The cost process is an accounting methodology that records and accumulates direct costs and allocates the indirect costs of a manufacturing process. Costs are allocated to products, usually on a large lot, which can include the production of a whole month. Eventually, costs must be assigned to individual units of product. Assigns the average costs to each unit, and is the opposite end of the labor cost that tries to measure the individual costs of production of each unit. The process of costing is usually an important chapter. It is a method of allocating costs to production units in companies that produce large quantities of homogeneous products. Process costing is a type of operating cost that is used to determine the cost of a product in each manufacturing process or stage. CIMA defines process cost as "The costing method applicable when goods or services result from a sequence of continuous or repetitive operations or processes." Costs are averaged over units produced during the period. The calculation of the cost of the process is suitable for the industries that produce homogeneous products and where the production is a continuous flow. A process can be referred to as the sub unit of an organization specifically defined for the purpose of cost-gathering.

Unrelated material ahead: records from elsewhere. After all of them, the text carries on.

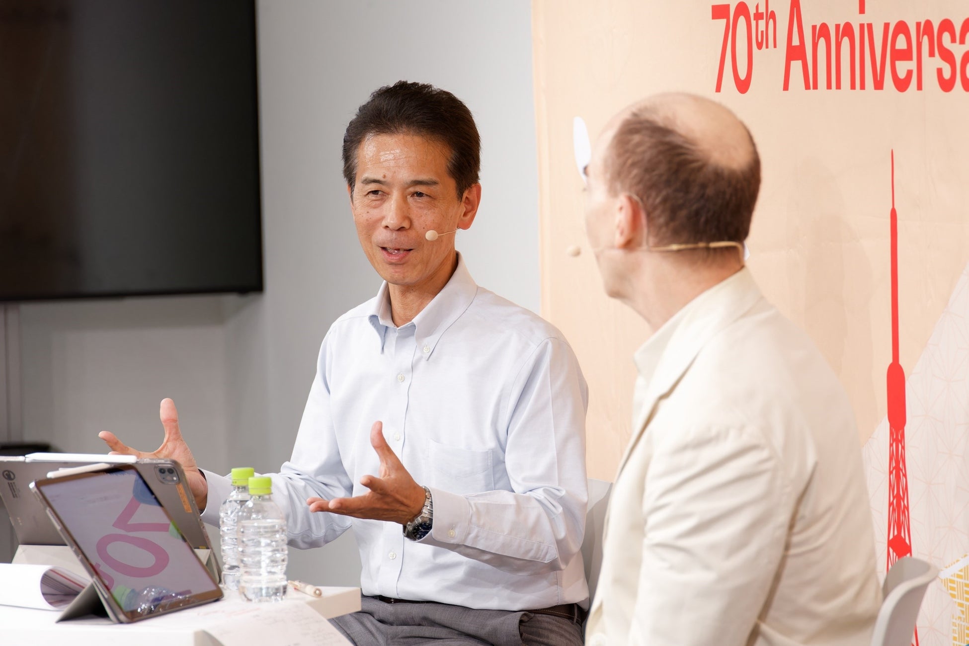 ヘンケルジャパンでは、日本進出70周年を記念したイベントを、2024年9月30日(月)、東京・天王洲にある東京本社の「ASK Academy TOKYO」で開催しました。世の中的にも会社としてもDEIの重要性が増す中で、社員がDEIや国際性に関して新たな学びやインスピレーションを得る機会とするべく、ゲストには、長らく日本で日本文学の研究を続け国際的なバックグラウンドを持ちながら、DEIをはじめ幅広い分野に精通し近年ではテレビでコメンテーターとしても活躍するロバート キャンベル氏をお招きし、代表取締役社長の浅岡とのトークセッションを行いました。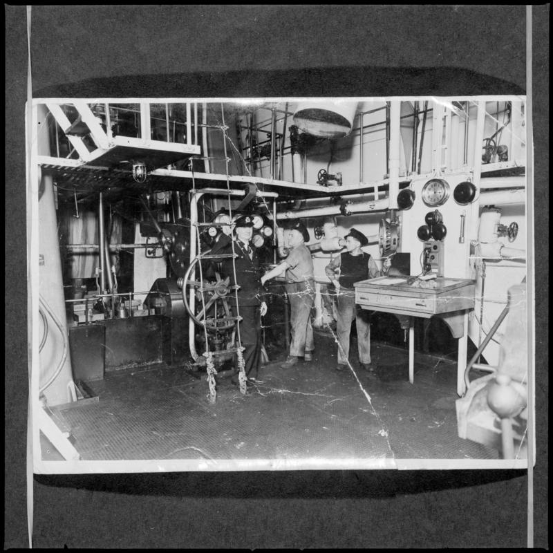 The hold of the S.S. OCEAN VANGUARD. 'Bartletts pears' written on the boxes in the hold.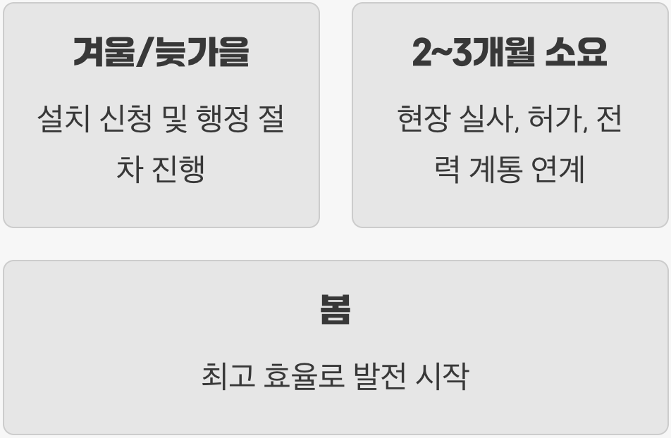 따라서 가장 확실한 해결책은, 발전량 피크 시즌인 봄에 맞춰 수익을 극대화할 수 있도록, 겨울이나 늦가을에 미리 설치를 준비하고 신청하는 것입니다. 겨울 동안 여유롭게 행정 절차를 마치고, 날이 풀리는 이른 봄부터 최고의 효율로 발전을 시작하는 것이 가장 현명한 전략입니다. 또한, 정부의 보조금 정책이 보통 연초에 발표되고 선착순으로 마감되는 경우가 많으므로, 연말부터 미리 준비하는 것이 보조금 혜택을 받기에도 유리합니다.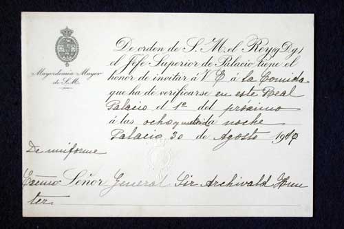 Archive of General Sir Archibald Hunter GCB GCVO DSO TD LLD at the King's Own Royal Regiment Museum, Lancaster. Invitation to [ ]30 Aug 1910 Accession Number: KO2686/205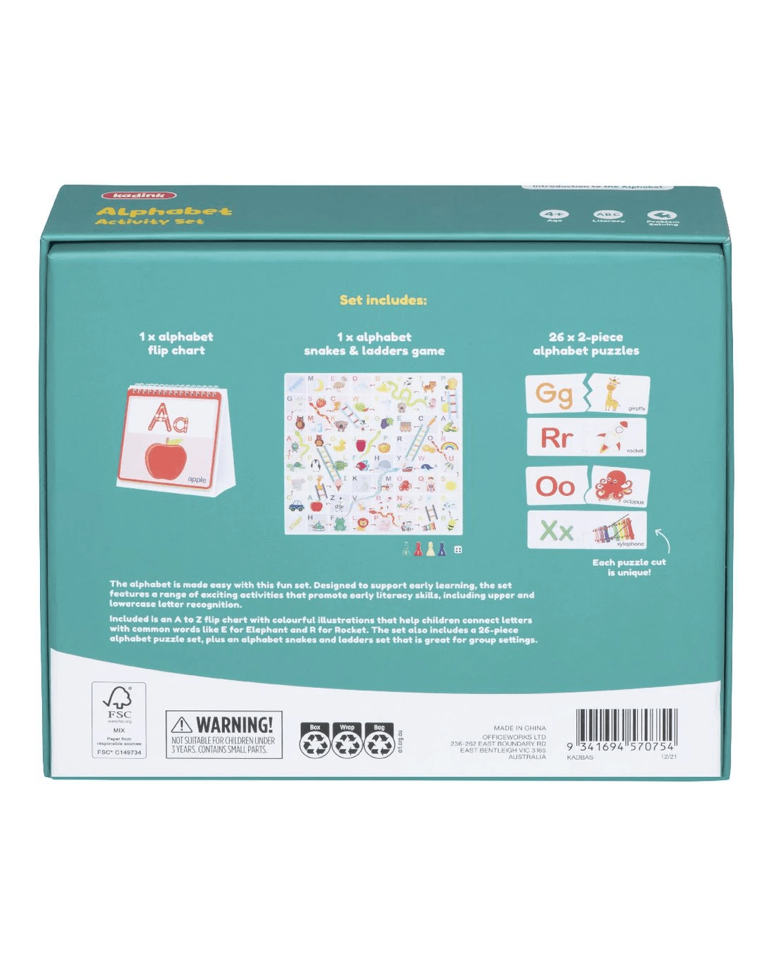 This Kadink Alphabet Activity Set is a great tool for learning about letters and the sounds they make. Included in this set is an alphabet flip chart, an alphabet snakes & ladders game and 26x 2-piece alphabet puzzles. It is a great set of activities for independent or group learning and is a fun way for learners to improve their literary skills as well as letter and word recognition.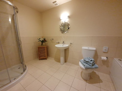 There is also a bathroom with jacuzzi bath, separate shower and WC and a separate shower room with WC.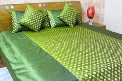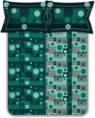 Search Dekor World Polyester Geometric Double Bedsheet 1 Bedsheet, 2 Pillow Covers, 2 Cushion Covers, Green on Amazon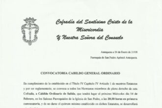 La Cofradía del Consuelo de Antequera convoca Cabildo de Salida el Miércoles de Ceniza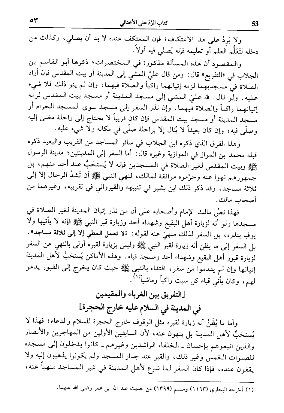 فهذا نصّ مالك الإمام وأصحابه على أن من نذر إتيان المدينة لغير الصلاة في مسجدها ولو أنه لزيارة أهل البقيع وشهداء أحد وزيارة قبر النبي صلى الله عليه وسلّم فإنه لا يأتيها ولا يوف بنذره، بل السفر لذلك منهيّ عنه لقوله: «لا تعمل المطي إلا إلى ثلاثة مساجد».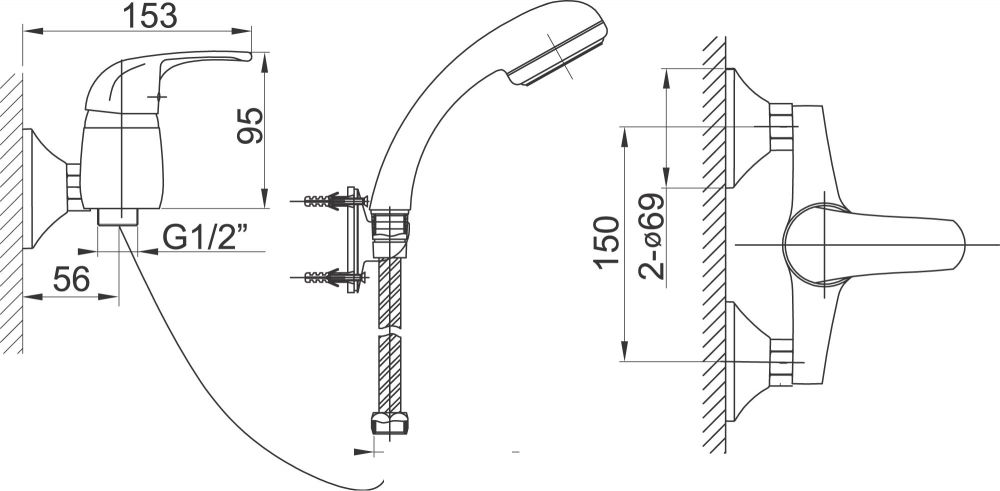 FERRO Vasto egykaros króm kerámiabetétes fali zuhany csaptelep zuhanyszettel / BVA77

Example of Process Cost Accounting
As an example of process cost, ABC International produces purple widgets, which require processing across multiple production departments. The first department in the process is the casting department, where the widgets are created initially. During March, the casting department incurs $ 50,000 of direct material costs and $ 120,000 of conversion costs (comprised of direct labor and factory overhead). The department processes 10,000 widgets during March, so this means that the cost per unit of the widgets that go through the casting department during that period is $ 5.00 for direct materials and $ 12.00 for conversion costs. The widgets are then moved to the clipping department to continue the work, and these unit costs will be carried along with the widgets in that department, where additional costs will be added.
Types of Process Costs
There are three types of process costs, which are:
1. Weighted average costs. This version assumes that all costs, whether of an earlier period or the current one, are grouped and assigned to the units produced. It is the simplest version to calculate.
2. Standard costs. This version is based on standard costs. Their calculation is similar to the weighted average cost, but standard costs are assigned to production units, rather than actual costs; After total costs are accrued on the basis of standard costs, these totals are compared to the actual cumulative costs and the difference is charged to a deviation account.
3. First-in-first-out (FIFO) cost calculation. FIFO is a more complex calculation that creates cost layers, one for any production unit that started in the previous production period but was not completed, and another for any production that starts in the current period.